Moving to writing, it's been said many times that the best way to learn to write is to read. Read anything, read everything. Of course, try to fit in some of the greats: Hemingway, Dickens, Chekhov, Shakespeare, Faulkner, etc. etc. Many of us receive doses of these greats in high school or college. Many more of us take them on independently as adults.

I often come along reading lists (100 BOOKS YOU MUST READ BEFORE YOU DIE, 13 GREAT BOOKS OF 2013, TOP 25 SCI-FI BOOKS EVER WRITTEN). These serve as a wake up call: I have literary holes big enough to drive a truck through.
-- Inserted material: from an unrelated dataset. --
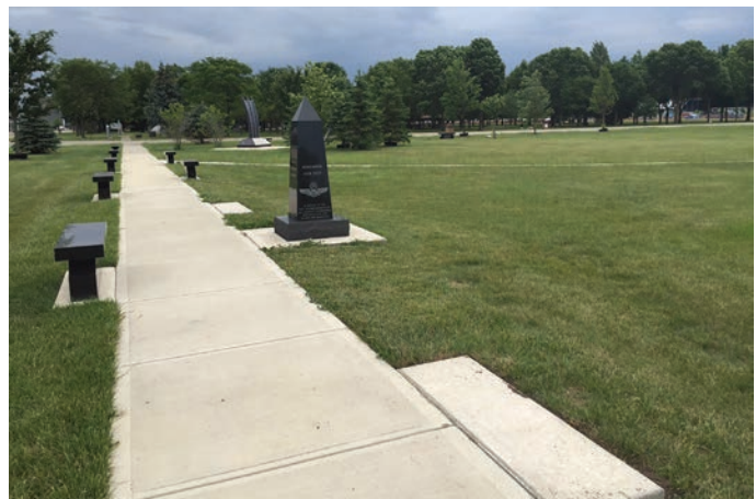
New cement pads on each side of the PLA monument at the National Museum of the U. S. Air Force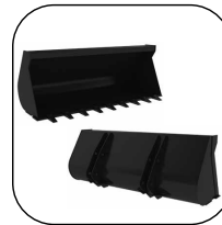
One Piece Bucket

These literary holes are more embarrassing than my ineptitude at surgically correcting an umbilical hernia. Can you believe I've never read anything by James Joyce? Virginia Woolf? Anton Chekhov? Jack Kerouac? That's just the tip of the iceberg. I didn't even know who Susan Sontag was until a few months ago. I mean, really? Pathetic.

Sometimes I get a little overwhelmed at this ineptitude and dismay that the thought that there's no way I'll ever get caught up in this reading. But I have to keep one thing in mind: we shouldn't read as though we're just checking items off a list. We should read to learn and to enjoy and it shouldn't become a burden, something we have to slog through.

I am also reminded of one of my favorite adages: how do you eat an elephant? One bite at a time. So, in between my devouring of current popular fiction, magazines, candy wrappers, Sunday newspapers (mostly the comics section), and other miscellany that makes it into my grubby hands, I'll be more conscientious about picking up a "great" once in a while. Because, as a writer, I have a lot to learn.

Now, if you'll excuse me, I have a copy of The Grapes of Wrath waiting for me.